Two open sets on manifolds of different dimensions cannot be homeomorphic either. The reason is that if you study the restriction of the homeomorphism to a small set, you get a homeomorphism between Euclidean open sets via coordinate charts. (This remark will only make sense if you are familiar with topological or smooth manifolds.)
However, now your two sets have the same dimension, so this method doesn't work.
- In this case the sphere is compact and an open set isn't.
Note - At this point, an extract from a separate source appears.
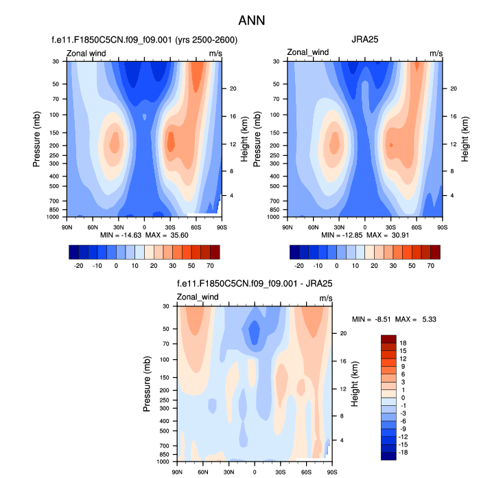 DIAG Set 4 - Vertical contour plots of DJF, JJA and ANN zonal means

- Not every connected open set of the Euclidean space is homeomorphic to the whole space. For example, the punctured space $\mathbb R^n\setminus\{0\}$ isn't homeomorphic to $\mathbb R^n$.
Since the sphere is compact and open sets are not, there cannot be a homeomorphism between them, since homeomorphisms preserve compactness
The results you need is:
$\bullet$ Image of compact set over continuous function is compact.
$\bullet$ $\mathbb{S^n}$ is compact.
$\bullet$ With the standard topology, There's no (no empty) open set $U\subset \mathbb{R^n}$ that is also compact (compact in $\mathbb{R^n}$ is equivalent to be closed and bounded, and the only no empty open and closed set in $\mathbb{R^n}$ is $\mathbb{R^n}$ itself, which is not bounded).
By absurd, suppose now that there is a homeomorphism $f:\mathbb{S^n}\to U$.
Than if you define $ {f}^*:\mathbb{S^n}\to \mathbb{R^n}$ as $f^*(x)=f(x)$ for all $x\in\mathbb{S^n}$ (we just extended the codomain of $f$), we see that $f^*$ is a continuous function and $f^*(\mathbb{S^n})=U$. but this would imply that $U$ is compact, absurd since $U$ is open.